Movement is wonderful. Movement can calm you, energize you or help you get rid of excess energy. When children are starting to get antsy or irritable, often a change of scenery and a little movement usually helps.

There are several ways that children can use movement to cope.

Taking a walk

Walking is the perfect way to take a quick break away from whatever is bothering you. Walking can also help you think more clearly. When I would talk with students about needing a break at school, I would tell them to take a walk around the school building. I’d instruct them to take the long way to the farthest away bathroom to make sure they got in a longer walk. This was meant to help them calm down and be better prepared to rejoin their class and focus on their work.


This coping skill is more likely to be used at home, but I’ve also used it during the school day. Bouncing on a trampoline can burn off excess energy. Once, during standardized testing, I had a little boy who finished all of his testing super early but he had to stay quiet while everyone else finished. We needed to find a way to help him burn off extra energy in a quiet way . So, we moved a small trampoline into my teeny tiny office and he bounced and bounced. It settled him, plus it didn’t disturb the other students.

See Saw

The up and down movement of a see-saw can be relaxing and calming. Some kids really love the feeling that they get in their bodies from the up and down movement. Have kids use their feet to push off firmly to get the most benefit.


Swinging on a swing is another helpful strategy.
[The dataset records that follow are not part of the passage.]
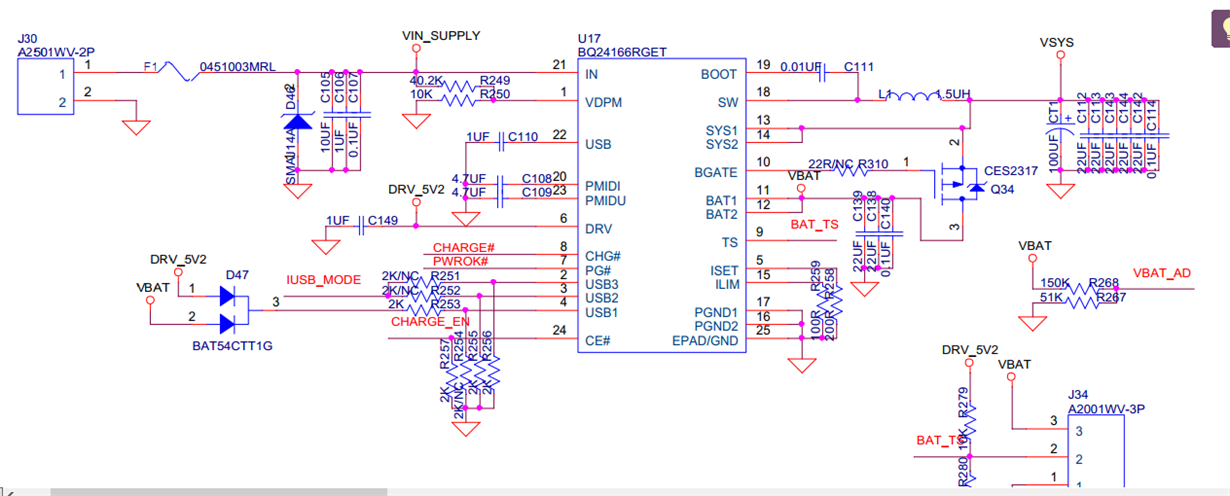 现象:电池管理芯片不能正常给锂电池BAT1/BAT2处充电,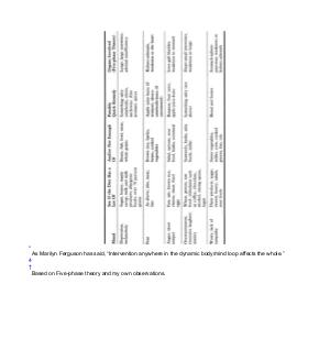 * As Marilyn Ferguson has said,“ Intervention anywhere in the dynamic body / mind loop affects the whole.” 4 † Based on Five-phase theory and my own observations.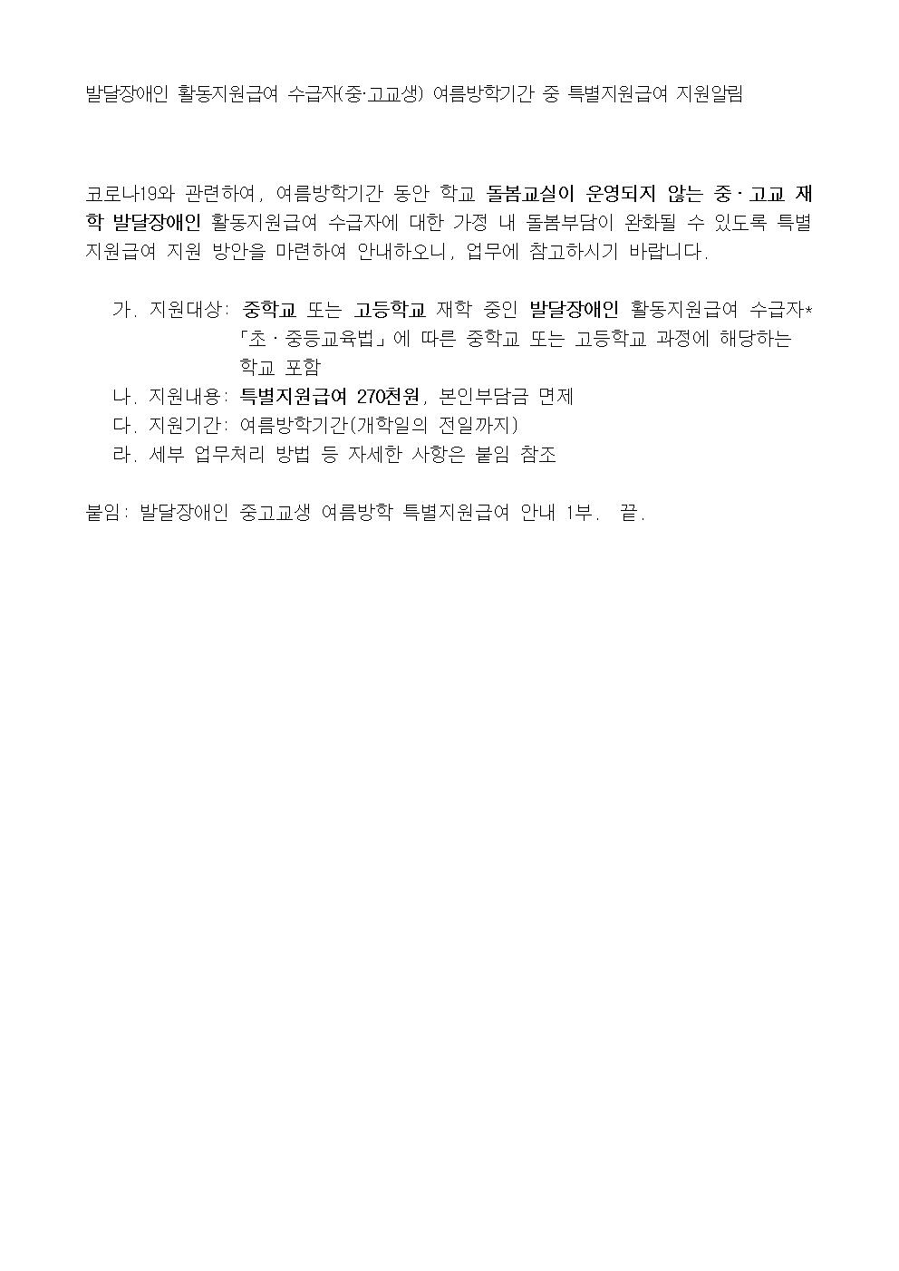발달장애인 활동지원급여 수급자(중·고교생) 여름방학기간 중 특별지원급여 지원알림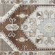 This vintage Turkish handwoven rug has a beautiful neutral background with gray, brown, gold, and neutral accents.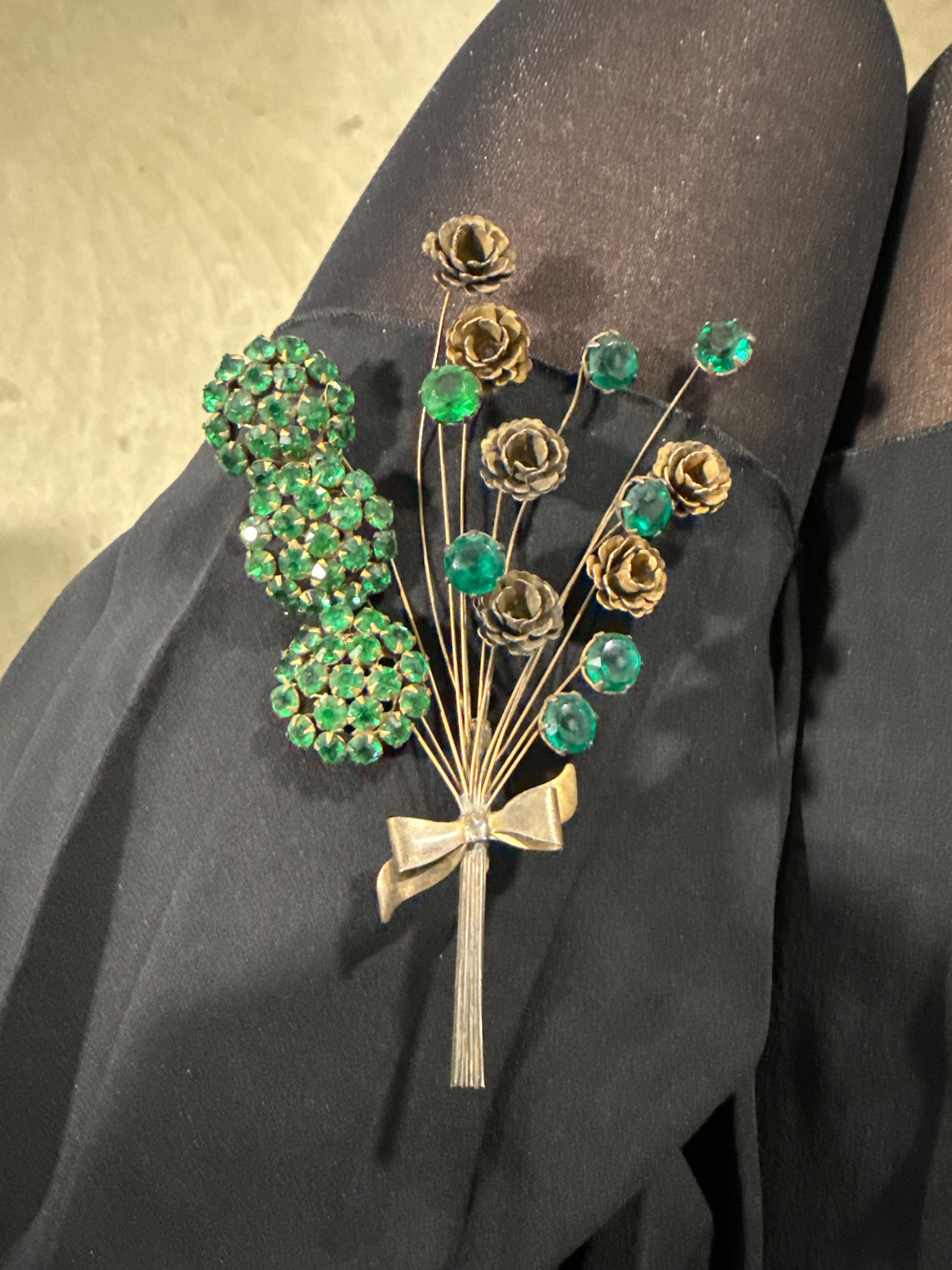 Emerald Nocturne Bouquet is a striking mid-century floral spray brooch that feels both romantic and architectural. A cascade of green rhinestone clusters blooms along one side, while delicate gilt stems rise upward into sculpted metal roses and luminous faceted emerald-hued crystals. The bouquet gathers at a satin-finish bow and elongated stem, giving it the presence of something hand-tied and gifted under candlelight. The contrast between the dimensional metal florals and the vivid green sparkle creates movement and depth—this piece doesn’t just sit; it composes.

It’s versatile because it can be used as an alerting activity or a calming activity. Swinging quickly can give children more energy to wake up and be present. Swinging slowly and steadily can have a calming effect. Plus, it’s a fun rite of passage for children when they learn to pump and swing on a swing by themselves.


Some children really find this calming and relaxing. But be careful. Don’t let them to spin too much because it can cause overload quickly. Try to have them only spin for a certain number of revolutions to prevent over stimulation.


I love to use calisthenics as a way to transition from one activity to another, especially indoors in winter. If your child has been watching a movie, and you want them to transition to maybe playing with blocks instead, you can have them turn off the movie when it’s done, tell them to do 10 jumping jacks and 10 push ups, then bring out the blocks.


A few simple yoga poses can also be used as a transitional activity. In addition, you can use yoga poses to calm students before they begin a test or calm your child before they start their homework. There are lots of great books designed specifically for children to incorporate yoga into their everyday lives.

If you have a child who is having a hard time regulating their energy level, whether they need a little wake up or calming down, have them move. See what happens. Through practice and opportunity, children will learn to self-regulate and find balance in their beautiful chaos.